Saturday, September 24, 2005

You have to laugh.

Or at least,I think you do.
Yesterday, I was due to bury the ashes of a gentleman whose funeral I conducted a few weeks ago. I’ve been seeing a fair bit of his widow, a member of the congregation whose slightly demented demeanour belies huge stocks of wisdom and thoughtfulness. BUT she is deafer than the proverbial post. This matters not a jot when we are bellowing about our eternal destinies in the privacy of her home, but as we waited for her husband’s ashes in the churchyard, things felt rather different. At one point the exchange went something like this (all at the tops of our voices)
Widow “I don’t know why some people make such a fuss about where their bodies end up. It’s only packaging after all”
K “Yes, but it’s been precious, much-loved packaging. Sometimes it’s hard for people to see beyond it”
Widow “All the same, I think it’s very selfish. Grief is very selfish, isn’t
it Kathryn? Don’t you think so?”
K (trying to work out correct pastoral response, when surrounded by other members of the family who are visibly grieving…but knowing full well that any reasoned discussion about us all having different ways to handle such things would sound utterly ludicrous when offered fortissimo)
“Ummm………oh look, there’s the funeral director. Shall we get on with the service…”
The whole situation was compounded by the hammering of workmen on the church roof, (so normal conversation was tricky even for the sharpest ears)…and by the fact that a 2 year old great granddaughter was attempting a “Full Monty” performance on a low set table tomb throughout. Her mother remained impassive until the nappy, and our verger was nearly ill with suppressed laughter. Good to know that we made someone happy!

3 comments:

mibi52/ The Rev. Dr. Mary Brennan Thorpe said...

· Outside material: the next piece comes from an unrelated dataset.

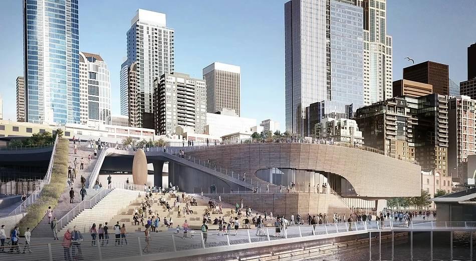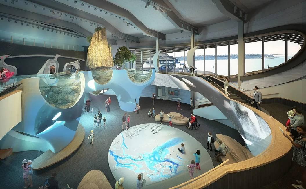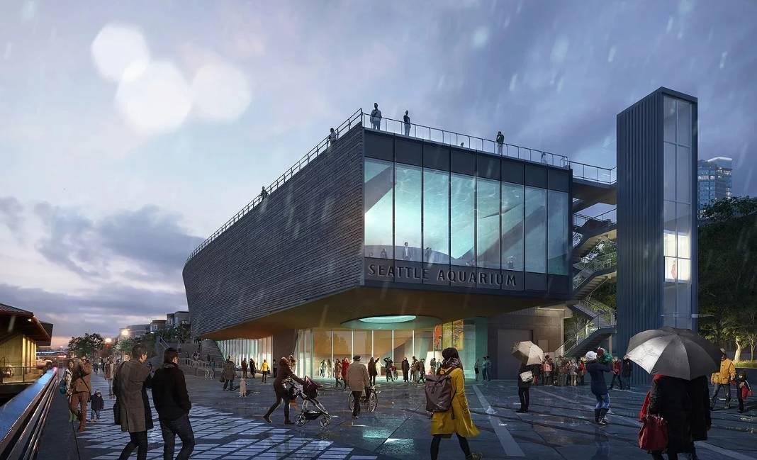 павильона с эксплуатируемой кровлей для океанариума в Сиэтле. Архитекторы планировали вписать павильон в городскую инфраструктуру, поэтому его решили интегрировать в сеть улиц и набережную.

Oh, my goodness, thank you for the laughter, Kathryn! You have no idea how much I needed that today!

As Lay Eucharistic Minister, I used to bring the Eucharist to an elderly lady - also very deaf - in a nearby nursing home. Conversations and prayers as well had to be very loud if she was to participate. One Sunday afternoon, one of the nurses' aides spoke to me snarkily as I was leaving her room, "We don't ALL need to hear this, you know." All I could say was "Sorry", but I thought, that if that was her attitude, maybe she DID need to hear it...

Anonymous said...

Just wanted to share with you that I agree with your widow that "grief is selfish,isnt' it."
As a recent widow I can relate so well to this. The loss of someone causes a deep wounding of the heart and spirit that takes time to heal and, just like a "medical" wound does, it causes us to turn inwards to focus on the pain to the exclusion of everything else for a while. Your widow is obviously very a perceptive person and is already moving along on her grief journey. May God bless her in her grief work. :-)

Kathryn said...

Thanks for that Jaybe...and love and prayers to you as you make the same journey.